Extracted information below:

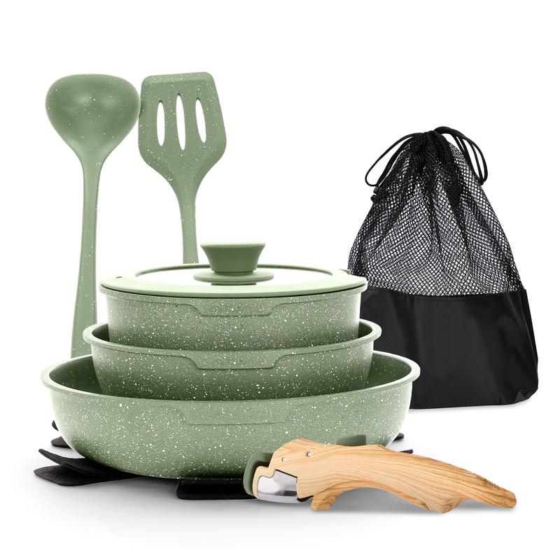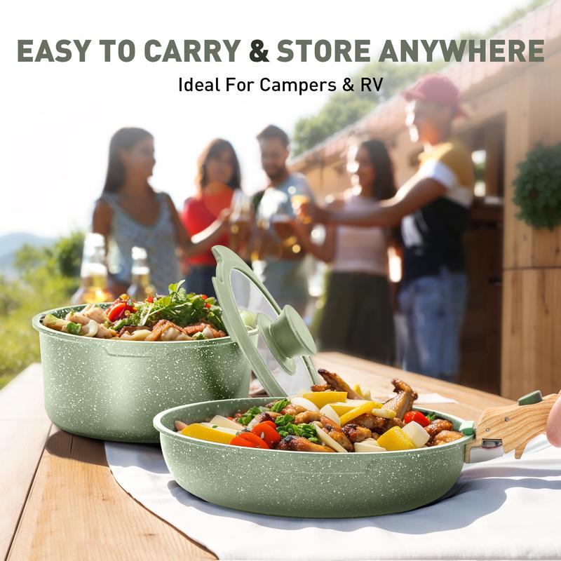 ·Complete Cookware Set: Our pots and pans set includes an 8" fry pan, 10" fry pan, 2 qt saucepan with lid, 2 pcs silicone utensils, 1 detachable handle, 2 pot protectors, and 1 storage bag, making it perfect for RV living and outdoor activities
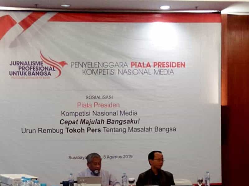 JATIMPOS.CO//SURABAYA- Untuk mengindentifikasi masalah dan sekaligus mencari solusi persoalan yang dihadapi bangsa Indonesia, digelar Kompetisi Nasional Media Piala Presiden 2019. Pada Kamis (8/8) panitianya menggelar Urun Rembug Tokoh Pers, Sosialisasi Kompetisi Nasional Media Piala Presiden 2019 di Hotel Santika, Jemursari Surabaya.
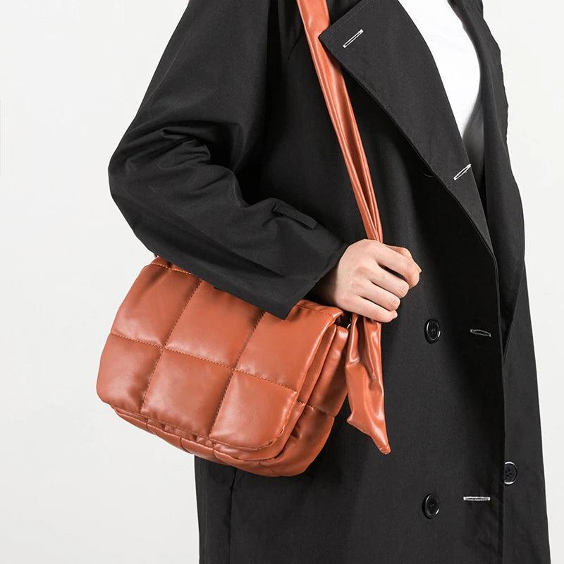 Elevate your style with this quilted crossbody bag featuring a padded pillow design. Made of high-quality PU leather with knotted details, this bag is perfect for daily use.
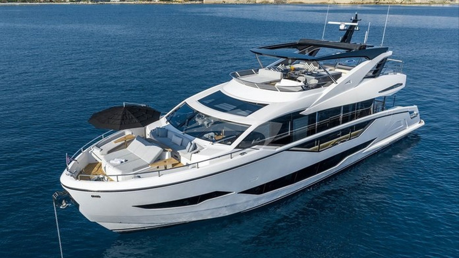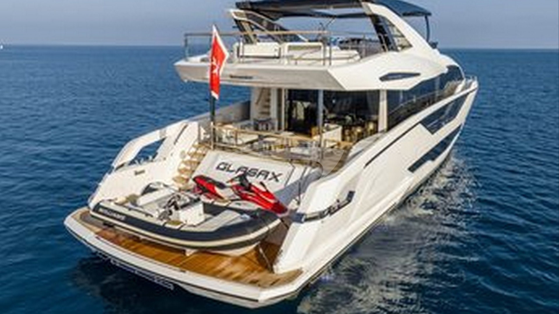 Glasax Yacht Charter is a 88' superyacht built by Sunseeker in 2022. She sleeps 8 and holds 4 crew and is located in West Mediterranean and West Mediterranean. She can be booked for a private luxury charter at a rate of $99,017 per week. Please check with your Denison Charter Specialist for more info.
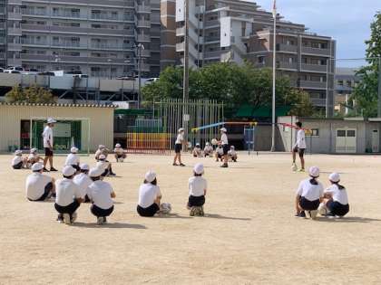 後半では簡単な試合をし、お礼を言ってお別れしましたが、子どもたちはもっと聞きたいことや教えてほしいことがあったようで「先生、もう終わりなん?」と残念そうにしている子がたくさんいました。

End of Extracted information.
Extracted information below:

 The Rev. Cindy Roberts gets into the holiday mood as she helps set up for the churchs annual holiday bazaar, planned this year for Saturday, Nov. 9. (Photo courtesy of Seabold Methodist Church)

End of Extracted information.

What you should do: Look above for the line with "JATIMPOS.CO//SURABAYA- Untuk mengindentifikasi"; quote it and every line after it, stopping after the line with "後半では簡単な試合をし、お礼", exactly, with nothing added and without pictures.

Exercise response:
 JATIMPOS.CO//SURABAYA- Untuk mengindentifikasi masalah dan sekaligus mencari solusi persoalan yang dihadapi bangsa Indonesia, digelar Kompetisi Nasional Media Piala Presiden 2019. Pada Kamis (8/8) panitianya menggelar Urun Rembug Tokoh Pers, Sosialisasi Kompetisi Nasional Media Piala Presiden 2019 di Hotel Santika, Jemursari Surabaya.
 Elevate your style with this quilted crossbody bag featuring a padded pillow design. Made of high-quality PU leather with knotted details, this bag is perfect for daily use.
 Glasax Yacht Charter is a 88' superyacht built by Sunseeker in 2022. She sleeps 8 and holds 4 crew and is located in West Mediterranean and West Mediterranean. She can be booked for a private luxury charter at a rate of $99,017 per week. Please check with your Denison Charter Specialist for more info.
 後半では簡単な試合をし、お礼を言ってお別れしましたが、子どもたちはもっと聞きたいことや教えてほしいことがあったようで「先生、もう終わりなん?」と残念そうにしている子がたくさんいました。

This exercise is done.